Choose machining over laser when edge quality, thickness, filler content, or precision rule out the thermal cut. Specifically: thick PEEK plate (beyond a few millimeters), where laser edge heating, taper, and char become pronounced; glass- or carbon-filled grades where the fibers leave a rough edge and a clean cut is needed; precision sealing surfaces and tight-tolerance features where laser's HAZ and taper can't hold the spec; and medical, semiconductor, or pharmaceutical parts where the edge must be pristine, contamination-free, and free of any heat-affected or charred layer. Machining (milling, turning, routing) gives a cool, clean, dimensionally precise edge with no char, at the cost of slower setup and tooling. Laser wins for thin virgin-PEEK flat parts — gaskets, washers, insulators, electrical components — in volume, where its tooling-free speed beats machining setup and a minor edge discoloration is acceptable. The decision is application-driven: if the edge is cosmetic and the part is thin virgin PEEK, laser; if the edge is functional, the grade is filled, or the part is thick, machine it.

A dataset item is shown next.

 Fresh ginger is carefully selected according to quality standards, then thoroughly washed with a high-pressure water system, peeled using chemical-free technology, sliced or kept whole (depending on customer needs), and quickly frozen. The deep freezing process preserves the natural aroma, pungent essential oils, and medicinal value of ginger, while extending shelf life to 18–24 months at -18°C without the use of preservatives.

Laser cutting favors thin PEEK sheet — practically up to a few millimeters (roughly 1-6 mm depending on laser power and acceptable edge quality), because the thermal cut's edge heating, char, and kerf taper grow with thickness. In that thin range, a well-tuned CO2 laser holds reasonable tolerances, on the order of ±0.1-0.2 mm, suitable for gaskets, insulating washers, shims, and electrical parts. As thickness increases, the edge taper and heat-affected zone widen the tolerance band and degrade edge quality, so thick PEEK is a machining job where milling can hold tighter tolerances with a clean edge. Filled grades also limit achievable quality, as glass and carbon fibers roughen the edge regardless of thickness. For precise features, sealing surfaces, or anything requiring better than about ±0.1 mm with a pristine edge, machining is the appropriate process. So treat laser as the fast option for thin, virgin, cosmetically-tolerant PEEK profiles, and machining as the route for thick, filled, or precision PEEK parts. Always specify your edge and tolerance requirements so the shop can advise on the right process.